__What you will do__. Would you please repeat exactly the entries below, starting at the line with "100% Genuine Leather" and ending at the line with "Datascript can be", and nothing outside that range? Leave out the pictures.

__Task input__.
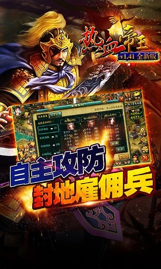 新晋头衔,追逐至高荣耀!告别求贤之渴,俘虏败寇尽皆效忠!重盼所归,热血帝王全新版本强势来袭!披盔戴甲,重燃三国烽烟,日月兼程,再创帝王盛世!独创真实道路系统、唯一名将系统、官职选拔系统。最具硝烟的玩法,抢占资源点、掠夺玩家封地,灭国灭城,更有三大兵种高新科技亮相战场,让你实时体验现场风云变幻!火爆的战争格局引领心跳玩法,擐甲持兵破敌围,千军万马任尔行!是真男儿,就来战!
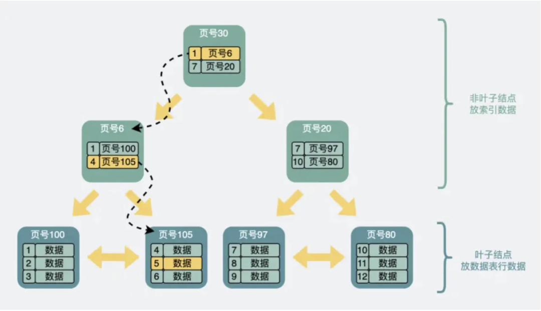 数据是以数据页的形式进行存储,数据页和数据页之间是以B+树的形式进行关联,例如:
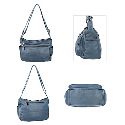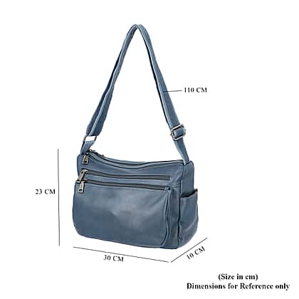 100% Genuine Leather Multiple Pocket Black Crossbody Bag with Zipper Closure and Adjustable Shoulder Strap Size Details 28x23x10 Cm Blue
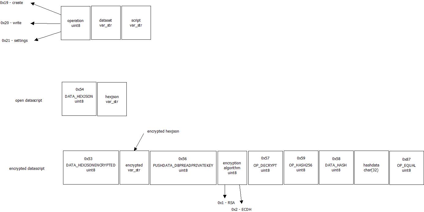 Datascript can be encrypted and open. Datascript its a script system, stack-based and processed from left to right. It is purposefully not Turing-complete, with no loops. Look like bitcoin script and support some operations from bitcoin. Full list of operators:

...

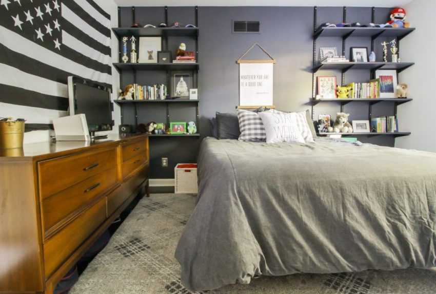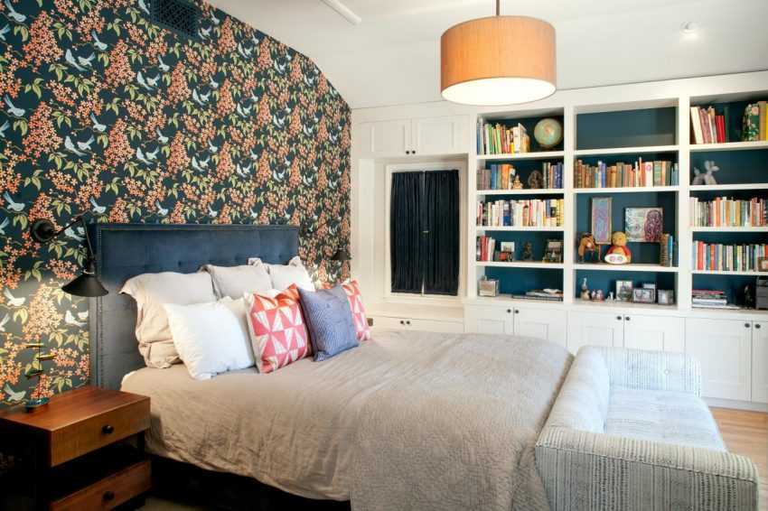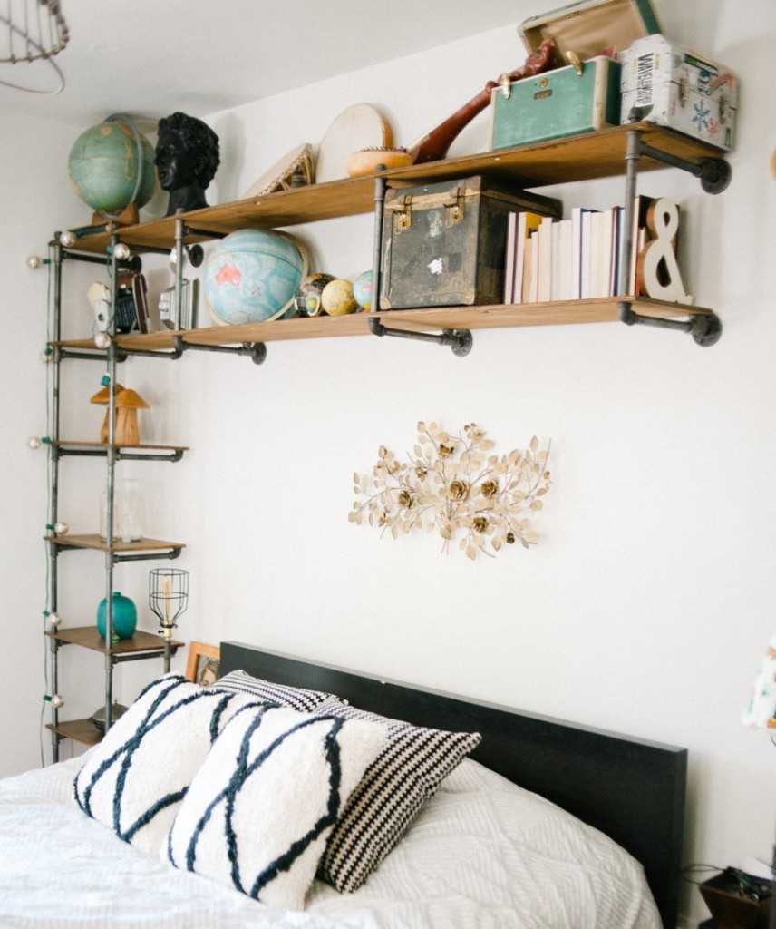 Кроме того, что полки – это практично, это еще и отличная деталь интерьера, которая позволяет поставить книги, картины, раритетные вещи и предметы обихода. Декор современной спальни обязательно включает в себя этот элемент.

...

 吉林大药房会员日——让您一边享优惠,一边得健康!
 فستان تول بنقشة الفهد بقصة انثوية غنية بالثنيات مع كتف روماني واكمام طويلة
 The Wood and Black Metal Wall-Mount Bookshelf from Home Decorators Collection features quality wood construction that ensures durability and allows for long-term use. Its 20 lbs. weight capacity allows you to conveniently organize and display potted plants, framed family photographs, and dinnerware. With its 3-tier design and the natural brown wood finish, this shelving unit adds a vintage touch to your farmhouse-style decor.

__Answer below__.
 100% Genuine Leather Multiple Pocket Black Crossbody Bag with Zipper Closure and Adjustable Shoulder Strap Size Details 28x23x10 Cm Blue
 Datascript can be encrypted and open. Datascript its a script system, stack-based and processed from left to right. It is purposefully not Turing-complete, with no loops. Look like bitcoin script and support some operations from bitcoin. Full list of operators:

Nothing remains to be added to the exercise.